Éric Zemmour sings the same Russophile refrain. Considering that Vladimir Putin’s claims are “completely legitimate”, the candidate for Reconquest! considers that Ukraine has always been “a region of empire, be it Russian or Austrian”. The former journalist does not hide his admiration for the head of the Kremlin, “a patriot” who would only be driven by the defense of the interests of his people. “Me, if I were the president, I would say: ‘There are no more sanctions vis-à-vis Russia’, he declared on France 5. Unsurprisingly, he believes that the Ukraine is unfounded in asking to join NATO.

And Emmanuel Macron?

It is difficult to know what Emmanuel Macron’s precise vision is on the subject, since he is not speaking as a candidate, but as President of the Republic, also occupying the seat of President of the Council of the Union. European Union since January 1. A much more delicate position than those of the candidates, giving more room to the realpolitik than to ideology, since it gives it a voice and a responsibility in this latent conflict. However, the theoretical orientations of the Head of State in this area are known.

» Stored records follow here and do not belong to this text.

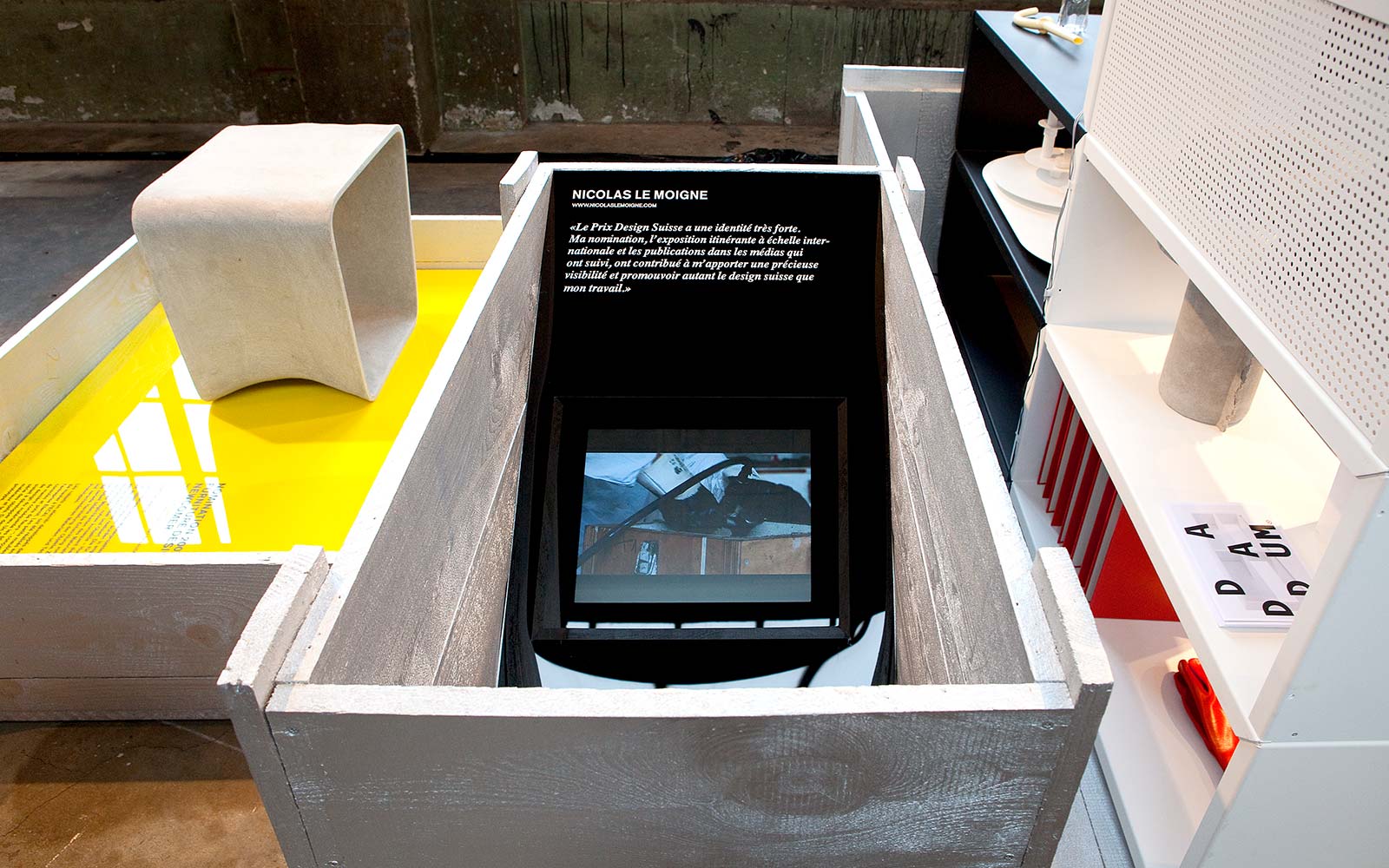 2012 – Ein Strang aus 100 gelben Messbändern durchschiesst die Industriehalle und zeichnet ein starkes Raum-Zeichen. Darunter präsentieren sich eine Auswahl für den Design Preis nominierter Gestalter mit ihren Entwürfen.
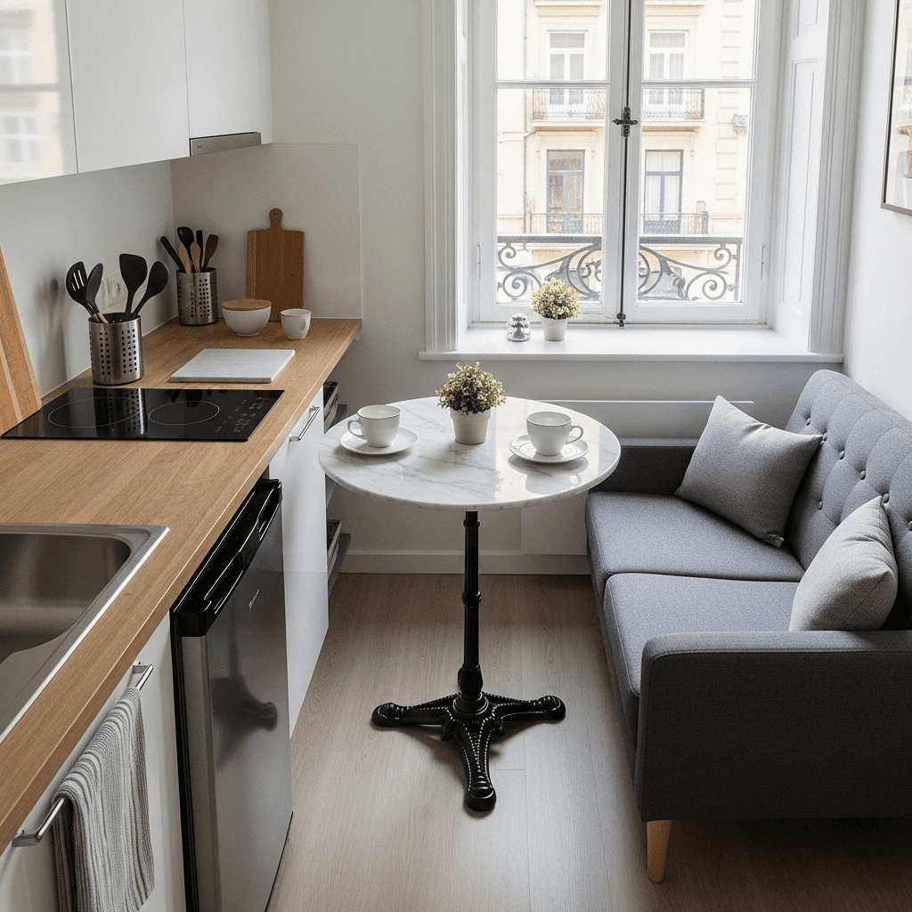 Place a small round pedestal table between the kitchen and the sofa. This acts as a “bridge” that functions for both dining and as a transition point between the two spaces.
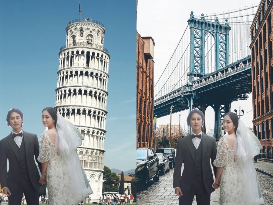 정태우는 12일 자신의 인스타그램을 통해 "집에만 있기 너무 답답해서 파리, 뉴욕, 피사로 리마인드 웨딩 화보 촬영 다녀왔어요"라며 사진 여러 장을 올렸다. 공개된 사진에는 에펠탑, 피사의 사탑 등 앞에서 턱시도와 드레스를 차려입은 정태우와 아내의 모습이 담겼다.

Supporter of a European response and attached to the territorial integrity of Ukraine, Emmanuel Macron advocates for a solution that could both respond to Russian concerns, without antagonizing Kiev. All of this while acting as intermediaries with the United States. With, why not, a “Finlandization of Ukraine”, which would amount to granting it a status of neutrality. Be that as it may, Emmanuel Macron is not one of those who want to end NATO or lift the pressure on Russia.

At the end of January, he said he was ready to take part in the Alliance’s military deployment in Romania, as part of a reassurance mission in the face of the Russian threat. In addition, the president is for a European defense that would eventually allow EU members to acquire strategic autonomy vis-à-vis the United States.